How to Start BGP Routing Projects Using NS2

To stimulate a BGP (Border Gateway Protocol) routing project in NS2 (Network Simulator 2) needs the execution or encompass the routing mechanisms in NS2, as it does not natively include BGP. Here’s a step-by-step guide to building a BGP routing simulation in NS2:

Steps to Start BGP Routing Projects Using NS2

Step 1: Set Up NS2 Environment

1. Install NS2:
   • Download and install NS2 from the NS2 Official Website.
   • Install need to dependencies like as Tcl, OTcl, and NAM.
   • Validate the installation:

ns -version

1. Explore NS2 Examples:
   • Examine the basic routing samples in ns-allinone-2.x/examples/ to understand on how routing operates in NS2.

Step 2: Understand BGP

1. What is BGP?
   • The BGP is a path vector routing protocol used to modify the routing data among the autonomous systems (ASes) in a Internet.
   • BGP calculates the routes according to the policies, not parameter metric such as hop count or delay.
2. Key Components:
   • Neighbor Relationships: Peering among routers in various ASes.
   • Routing Policies: According to the attributes such as AS_PATH, NEXT_HOP, and LOCAL_PREF.
   • Route Selection: Optimize the paths are chosen in a attribute.

Step 3: Design Network Topology

1. Describes the nodes and connection to signify the ASes and BGP routers:

set ns [new Simulator]

# Define nodes

set r1 [$ns node]

set r2 [$ns node]

set r3 [$ns node]

set r4 [$ns node]

# Define links between nodes

$ns duplex-link $r1 $r2 10Mb 10ms DropTail

$ns duplex-link $r2 $r3 10Mb 15ms DropTail

$ns duplex-link $r3 $r4 10Mb 20ms DropTail

$ns duplex-link $r1 $r4 10Mb 25ms DropTail

1. Characterize the AS boundaries via grouping nodes into clusters.

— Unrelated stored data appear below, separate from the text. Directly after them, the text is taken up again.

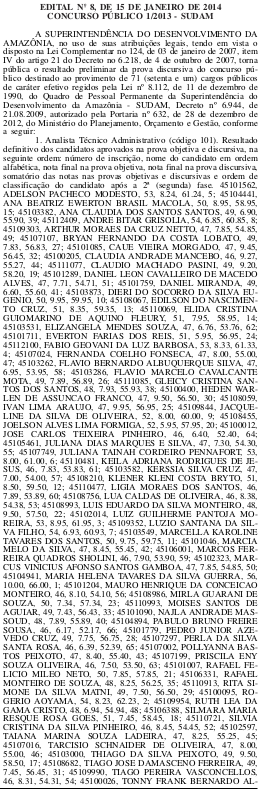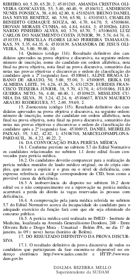 Edital com nomes e notas está publicado no Diário Oficial da União que circulou nesta seXta-feira. Confira:
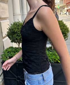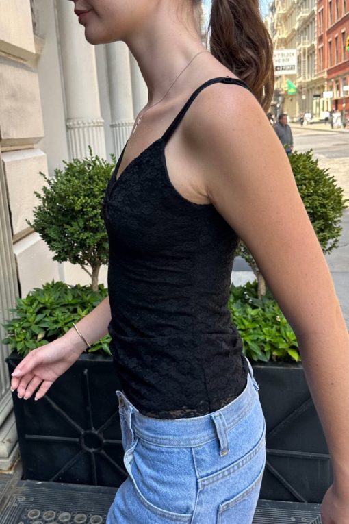 Brandy Melville Women’s Archie Floral Lace Tank | Black
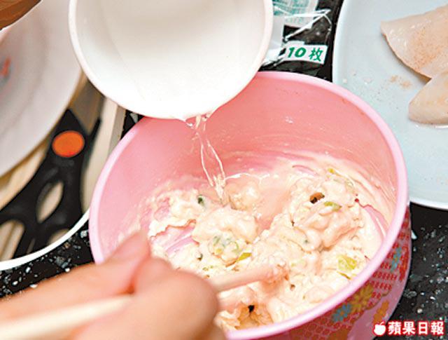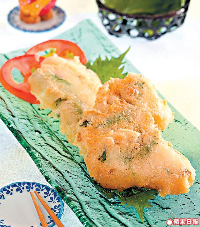 炸漿:炸粉4湯匙、冰水1/3杯、鹽1/2茶匙、生油1湯匙、葱粒1棵
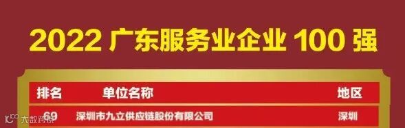 热烈祝贺九立股份入选2022广东企业500强,位居第137名;2022广东服务业企业100强,位居第69名!
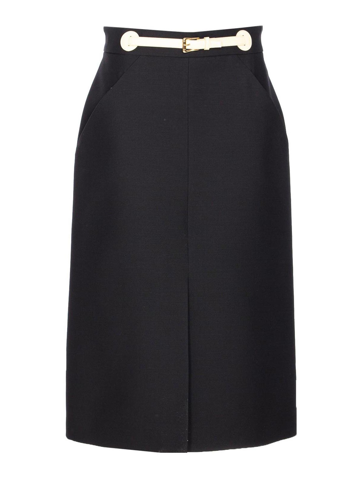 Valentino Garavani ブラックスカートファスナーとフックバックルベルト付きポケットにはスプリット付き
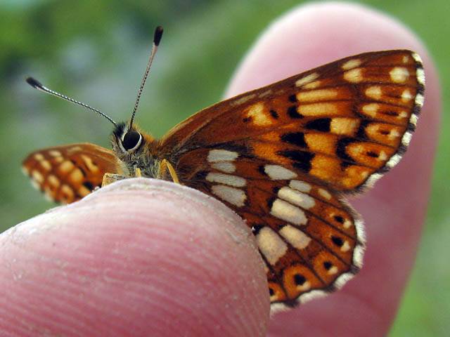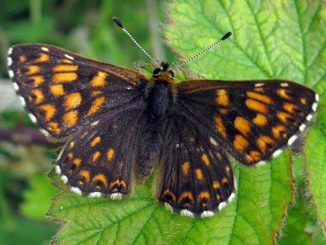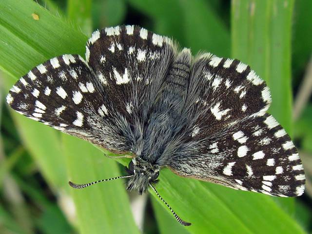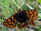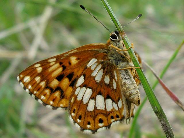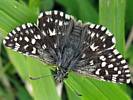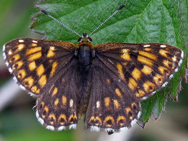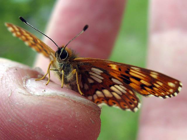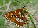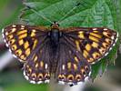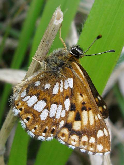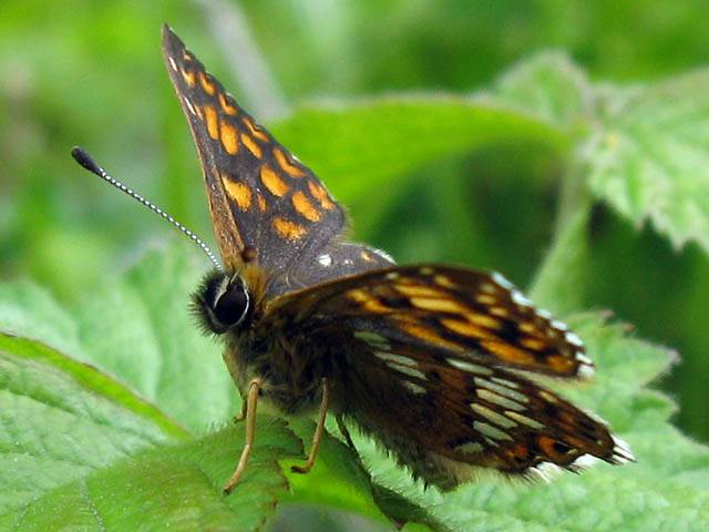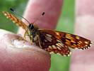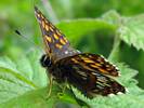 4 shots of a Female Duke of Burgndy. See how much brighter her hind wings are, as well a 6 legs compared to the male's 4. | Grizzled Skipper. |
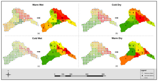 The transition of clusters into Climate zones in the study area in the (a) warm wet, (b) cold dry, (c) cold wet, and (d) warm dry seasons.
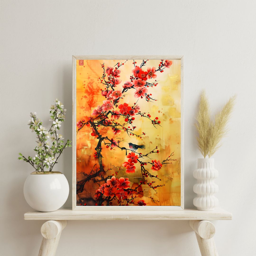 Cuadro floral con un árbol con flores rojas y un hermoso pájaro justo en la mitad del cuadro, perfecto para la decoración del hogar u oficina.
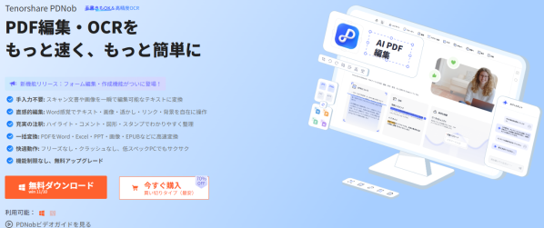 Tenorshare PDNobは、PDF編集に必要な基本機能を網羅した、Windows/Mac対応の買い切り型PDF編集ソフトです。
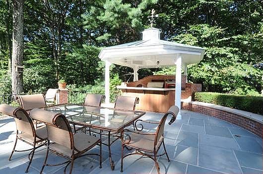 For more information on this property, contact William Raveis Real Estate, Mortgage & Insurance at 1-888-699-8876 or contact@raveis.com. Perched atop a private wooded 2.6 acre lot in the prestigious Round Hill Section of Greenwich, this custom-designed home is a stellar example of class architecture and modern living. 4 generously- sized bedrooms include the extensive Master Bedroom suite with fireplace, custom walk in closet, spa bath and home theater. Large gourmet kitchen with center island and stained glass inlaid cabinetry and skylight leads to a to the wonderful sunroom with imported atrium overlooking the exquisite pool terrace and tree-lined lawn. This magnificent property boasts a fenced tennis court with gazebo and a fully- equipped outdoor kitchen- perfect for entertaining. A whole-home generator and electrical service for a hybrid car are added amenities. An exquisite country estate of lasting splendor.
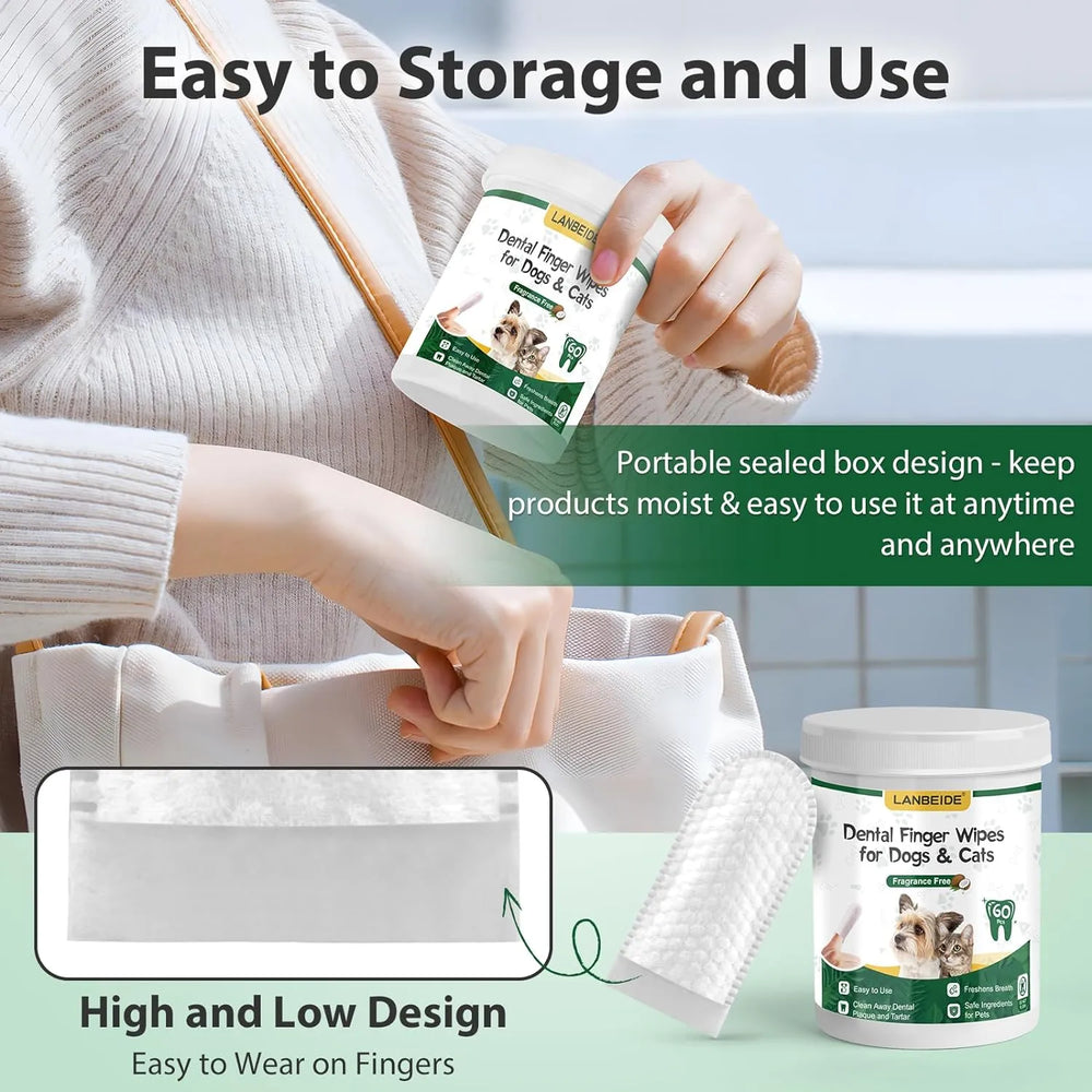 LANBEIDE Pet Teeth Cleaning Wipes for Dogs & Cats 60 Toallitas
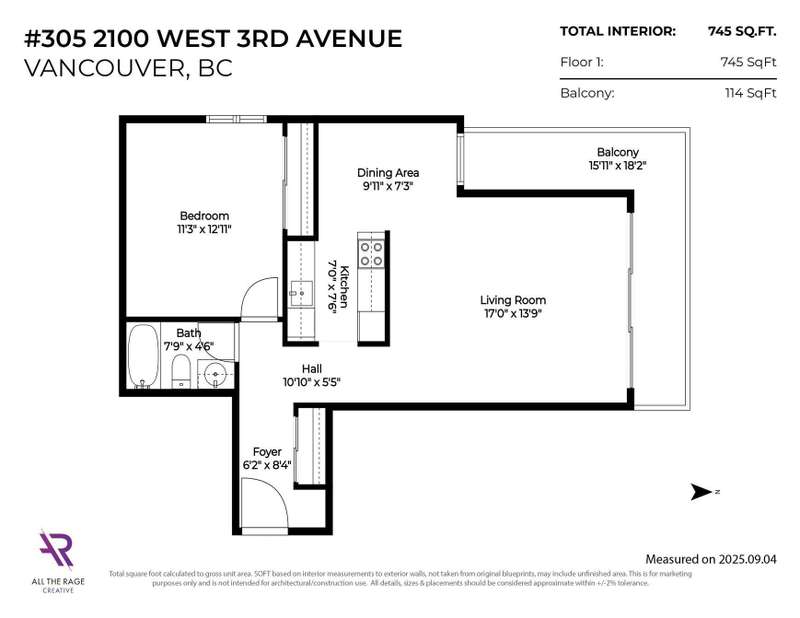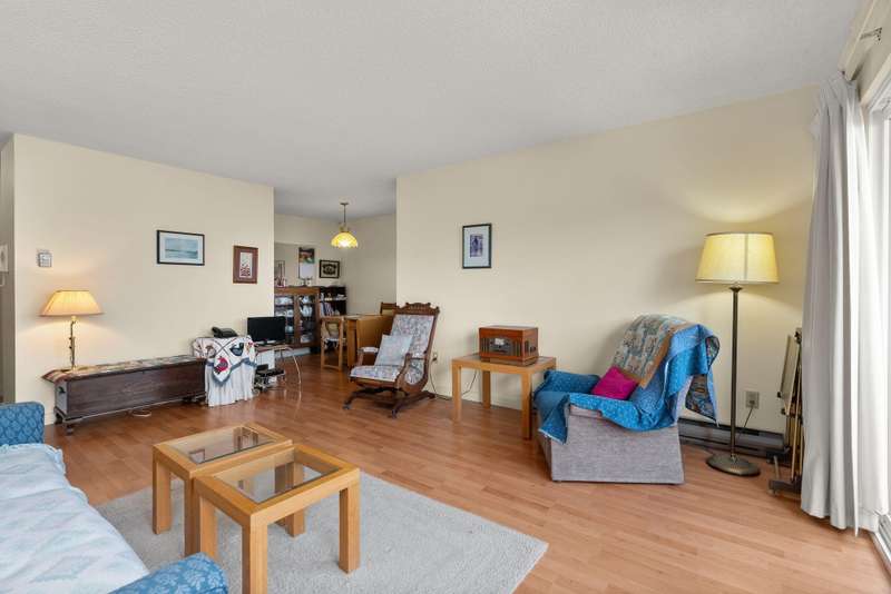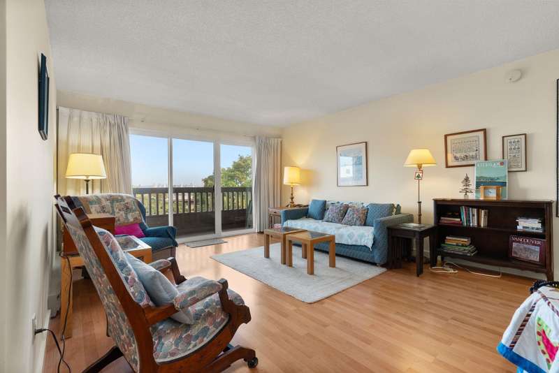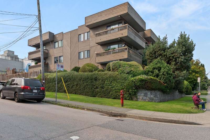 Views of the water, city and mountains! Step out on to the wrap around patio of this north-facing, north of fourth apartment in the heart of Kits! This location cannot be beat! Stroll up to all the shops, restaurants, cafes and fun of 4th Ave, or walk down to Kits Beach and all that it offers. This corner unit has 745 sq ft, 1 bed and 1 bathroom ready for you to make it your own. Enjoy the view from the large living room & large bedroom to sleep and work in. A great community in this building, with free shared laundry. With bus access on 4th or future train access at Arbutus and Broadway nearby, this is the perfect walkable home with a Walk Score of 97! but with 1 parking you can drive anywhere too. Better than renting, a Kits home to buy! Open Sat 1-4p, Sun 11-12:30p
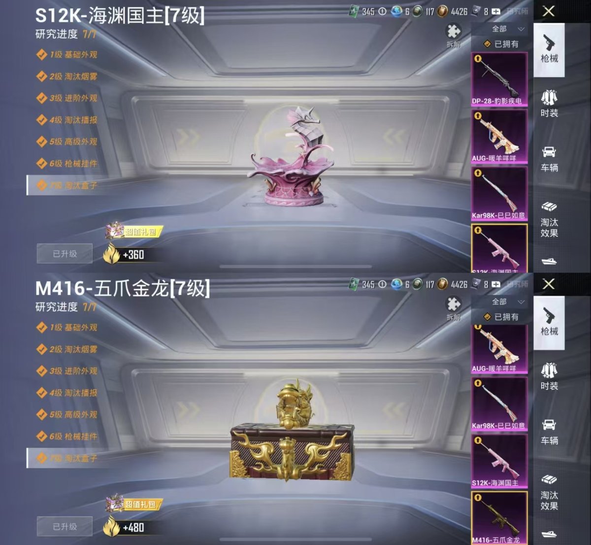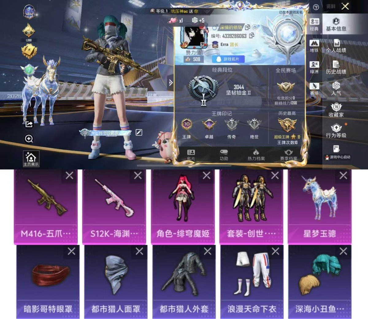 2289055-实名: 可修改 时装数: 837 载具数: 1 呛械数: 263 战备数: 185 热门装扮: 深海小丑鱼鹰眼刺客都市猎人恒星战甲极致幻想相思残雪海渊国主奇迹天团兔兔白日梦仲夏莫吉托创世·救赎绯穹魔姬 载具: 星梦玉骢 稀有呛皮: m416五爪金龙s12k海渊国主kar98k-巳巳如意aug-暖羊咩咩dp-28-豹影疾电
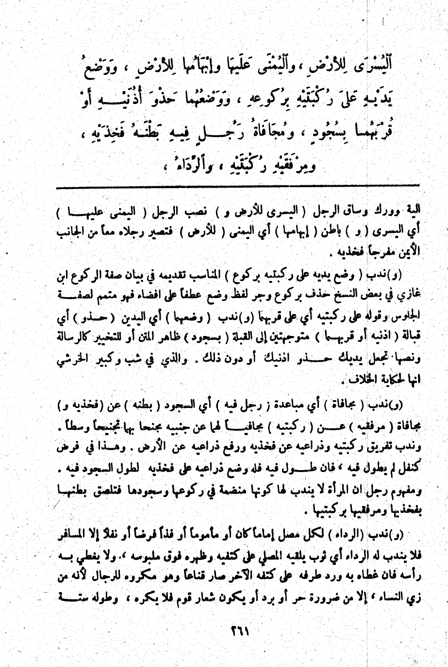 وَمُجَافَاةُ رَجُلٍ فِيهِ بَطْنَهُ فَخِذَيْهِ، وَمِرْفَقَيْهِ رُكْبَتَيْهِ، وَالرِّدَاءُ
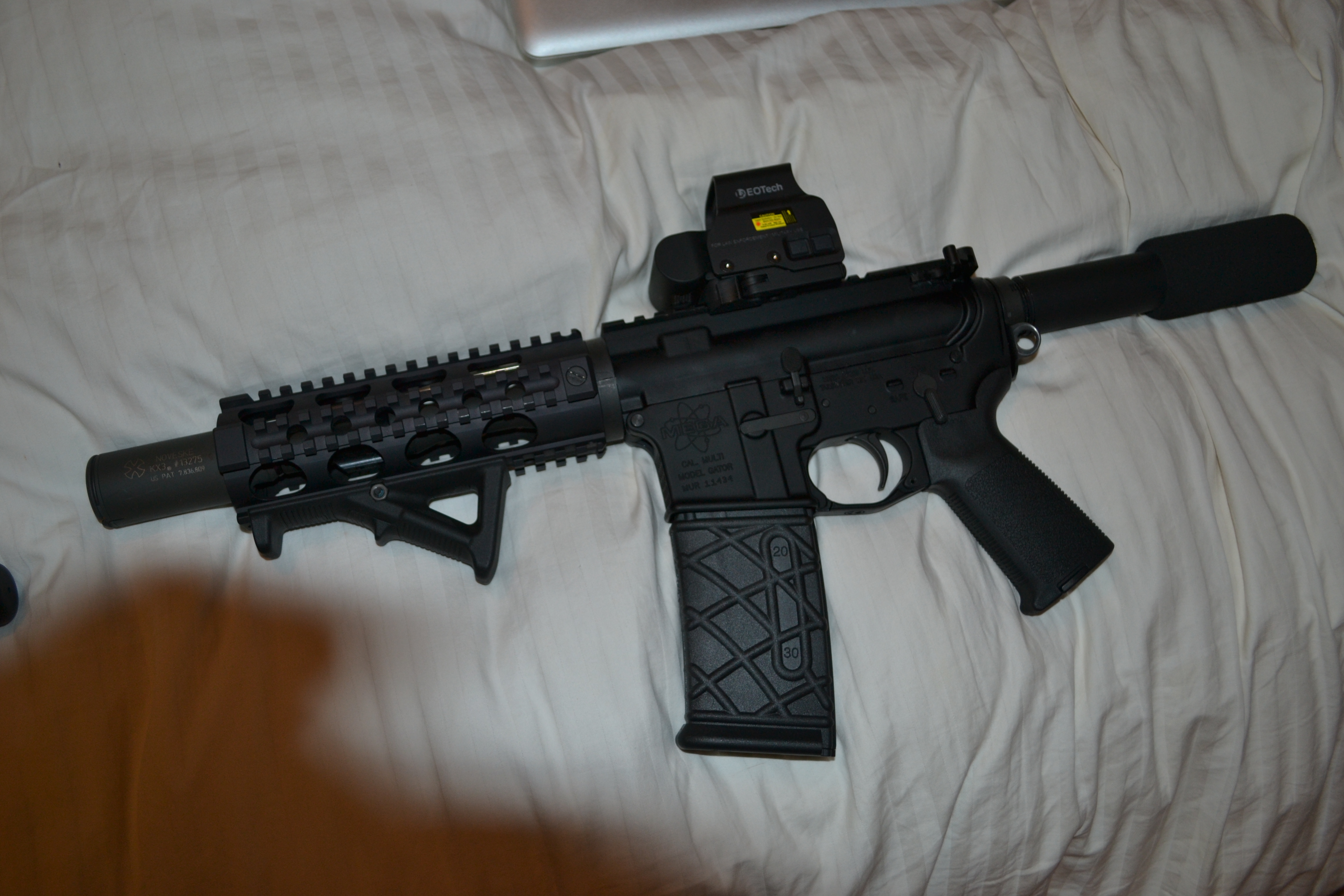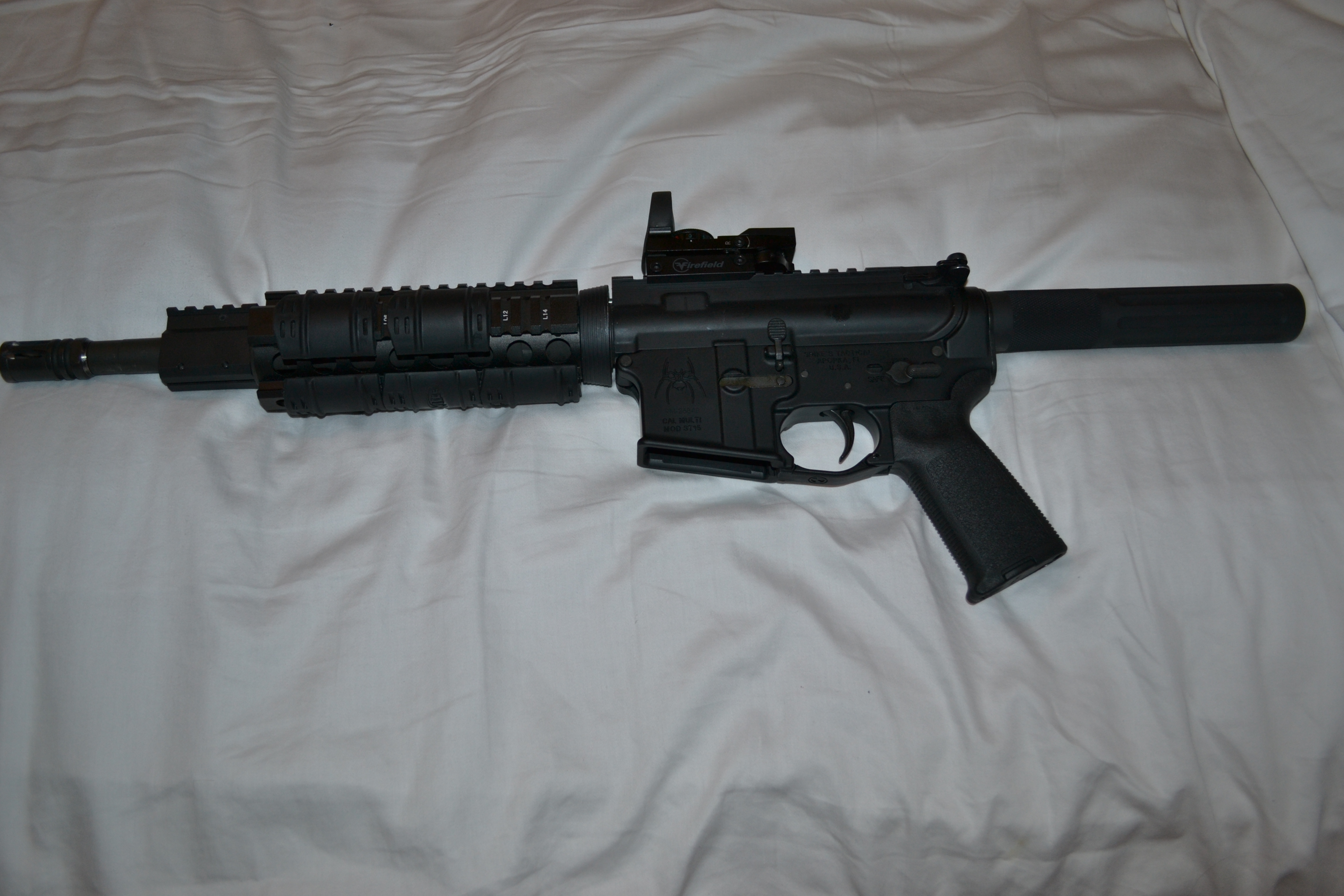 I'm looking for something with like a 6-8" barrel, but with a railed handguard that covers the entire barrel and flash hider/ comp.
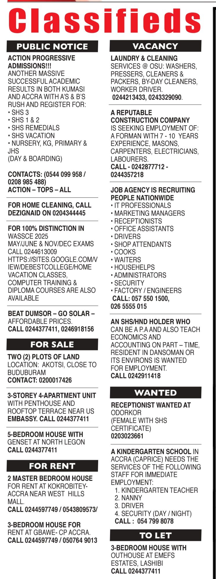 Prospective job seekers can find below the advertised jobs in the January 20, 2025 edition of Daily Graphic as published in the paper today.
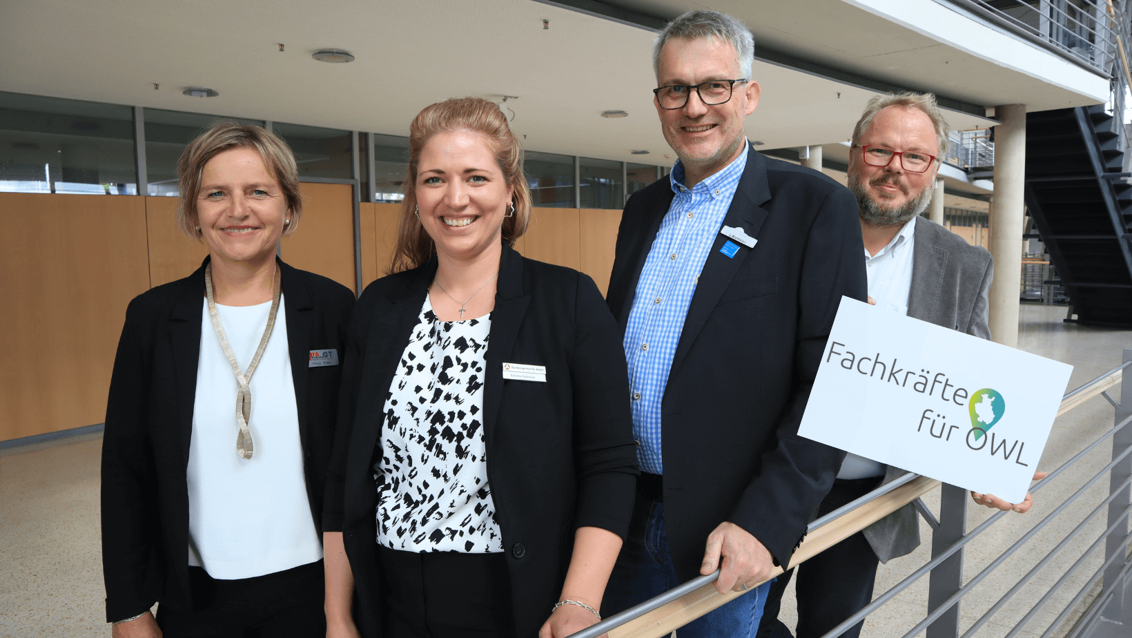 Haben zur Informationsveranstaltung eingeladen: (v.l.) Nicola Weber (pro Wirtschaft GT), Sandra Pollmeier (Agentur für Arbeit), Jürgen Blomeier (Jobcenter Kreis Gütersloh) und Andreas Lühmann (Regionalagentur OWL). Foto: Kreis Gütersloh

Step 4: Implement BGP Logic

Since NS2 doesn’t has includes the BGP through default, we require to exection it:

Option 1: Tcl-Based BGP Simulation

1. Define Routing Tables:
   • Manually setting the routing tables for every AS:

set routingTable(r1) {r2 r4}

set routingTable(r2) {r1 r3}

set routingTable(r3) {r2 r4}

set routingTable(r4) {r1 r3}

1. Simulate Route Advertisement:
   • Nodes are alter the route advertisements periodically:

proc advertiseRoutes {src dst} {

global routingTable

puts “Node $src advertising routes to $dst: $routingTable($src)”

}

1. Policy-Based Route Selection:
   • Replicate the BGP policy-based decisions:

proc selectBestRoute {routes} {

# Example: Prefer shorter AS_PATH

set bestRoute {}

set minPathLen inf

foreach route $routes {

if {[llength $route] < $minPathLen} {

set bestRoute $route

set minPathLen [llength $route]

}

}

return $bestRoute

}

Option 2: Custom BGP Agent in C++

1. Create a BGP Agent:
   • Extend the Agent class to implement BGP logic.
   • Handle the routing table and maintain the route advertisements.

Example:

class BGPAgent : public Agent {

public:

BGPAgent();

void recv(Packet* p, Handler* h);

void advertiseRoutes();

void selectBestRoute();

private:

std::map<int, std::vector<int>> routingTable; // Destination -> AS_PATH

};

1. Implement Key Functions:
   • Route Advertisement: Modify the routes through neighbours.
   • Route Selection: Used the selection for BGP attributes such as AS_PATH or LOCAL_PREF we choose the best route.
2. Compile and Link:
   • Enhance the agent to the NS2 Makefile and recompile:

make clean && make

Step 5: Add Traffic and Test BGP Routing

1. Define Traffic Sources and Sinks:

set udp [new Agent/UDP]

$ns attach-agent $r1 $udp

set sink [new Agent/Null]

$ns attach-agent $r4 $sink

$ns connect $udp $sink

# Generate traffic

set cbr [new Application/Traffic/CBR]

$cbr attach-agent $udp

$cbr set packetSize_ 512

$cbr set interval_ 0.05

$ns at 1.0 “$cbr start”

1. Monitor on how the traffic flows with the network according on BGP routing decisions.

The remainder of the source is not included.